LiDAR and Data Compression

Have you thought about how much LiDAR data you are going to collect next year?

Yes, I know, the cost of hard drive storage keeps going down and down but the amount of data you collect keeps going up and up. Point cloud densities are increasing, and the number of fields stored for each point are increasing, too (RGB anyone?).

Sooner or later, most people consider the idea of using some sort of compression scheme to cram more xyz points onto their servers and so this article is about LiDAR data compression. This column is about the open source world, so as you might imagine were going to talk about an open source library for doing LiDAR compression.

But first, lets look at some of the factors to consider when choosing a compression technology.

Trade-offs & Use Cases

Compression usually just means storing a bunch of data in some fiendishly clever packed format that takes up less space than it would if it were left unpacked. Some compression algorithms are lossless, meaning that you can get back the original data you started with (think WinZip). Other algorithms are lossy, meaning you get back only an approximation of the original data (think JPEG) sometimes a very good approximation, admittedly, but still not identical to the original bits. The trade-off is clear: if youre willing to sacrifice some fidelity, you can achieve much higher compression rates.

Modern compression algorithms can be very complicated, requiring a noticeable amount of CPU power. This trade-off is clear too: the more work (computation) youre willing to do, the better compression rates you can achieve.
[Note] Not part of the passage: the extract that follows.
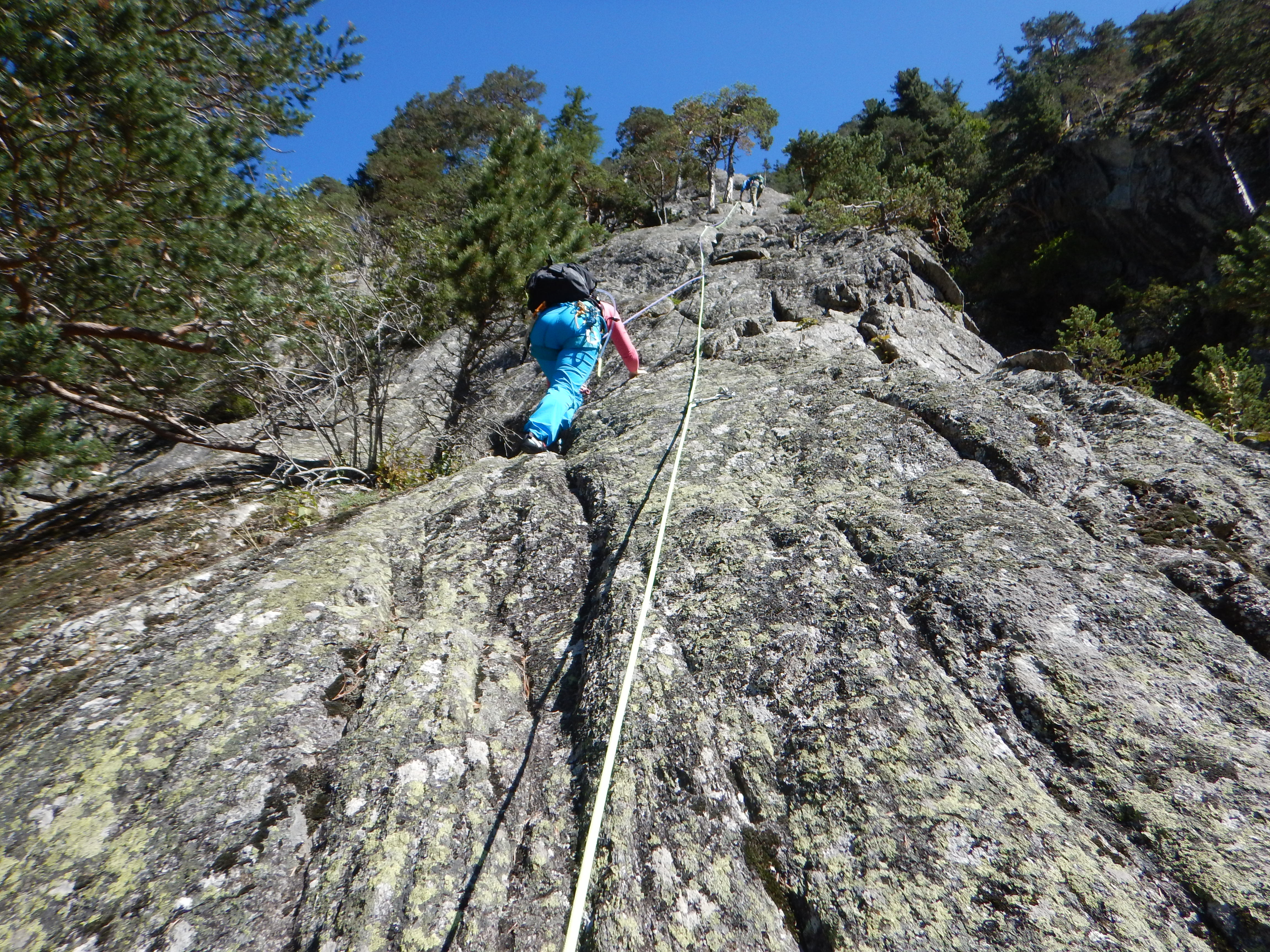 L’endroit est juste génial, le rocher est bon, franc et les pins confèrent au site une ambiance méditerranéenne surprenant dans ce coin de pays. La voie est vraiment belle, maintenant que j’y suis allée je peux vous le dire: ça ne sera pas la dernière fois !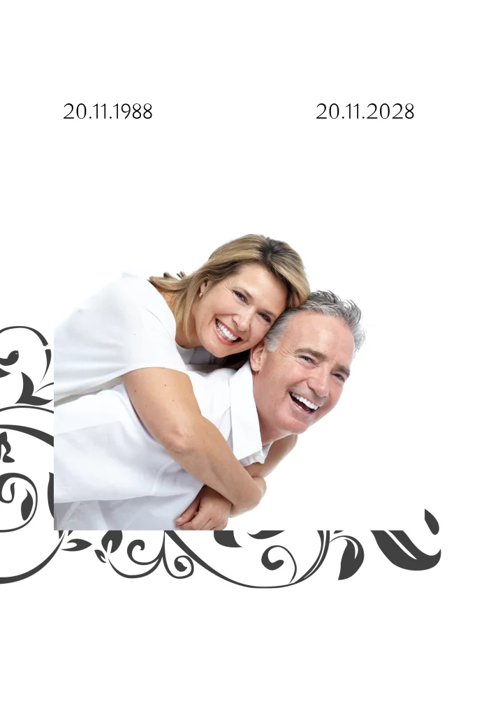 Sierlijke en persoonlijke 40 jaar getrouwd uitnodiging! De foto van jullie samen wordt ondersteund door mooie zilveren lijnen. Gaaf in zilver kleurige tinten. Maak het helemaal af met een zilveren envelop.

Lets consider two different possible LiDAR data use cases: archiving and visualization. In the archival use case, you are using your original LiDAR data to derive other products, like DEMs, to be used in your production workflows, and the original data is stored off somewhere for the long-term. In this situation, you will likely want to store that original data losslessly: it is a permanent record that should never be modified. By the same token, you dont plan on using that original data very often, since you have derivative products, so you can afford a little more time to do the compression and decompression work.

On the other hand, if your point cloud data is to be used largely for visualization to drape imagery over, to do rough measurements, to present graphical models to your customers then you probably dont need bit-for-bit accuracy: a lossy representation will do. But youre going to be working with this data frequently and maybe in an interactive 3D viewer, so performance is likely important.

Youll have to decide where your own use cases lie on the quality and performance continuum, but the trend seems to be favoring the archival situation for point cloud data. Visualization and similar workflows are more often done with derived products representing data that arent really point clouds anymore. If true, then, what the world needs is a lossless, reasonably efficient, point cloud compression scheme for long-term storage.

Enter LASzip

The venerable LAS file format stores points in a raw, uncompressed form. Fortunately, there is now an alternative: LASzip is an open source library (www.laszip.org) which implements the same point formats and data fields as required by LAS, but uses advanced compression techniques to store the data in only 10-20% of the space.

LASzip is already being used in some production environments, saving significant storage space without disrupting workflow efficiencies. LASzip files are supported in the open source world by the lastools utilities and the libLAS/PDAL point cloud libraries, and other vendor support can be expected in the future.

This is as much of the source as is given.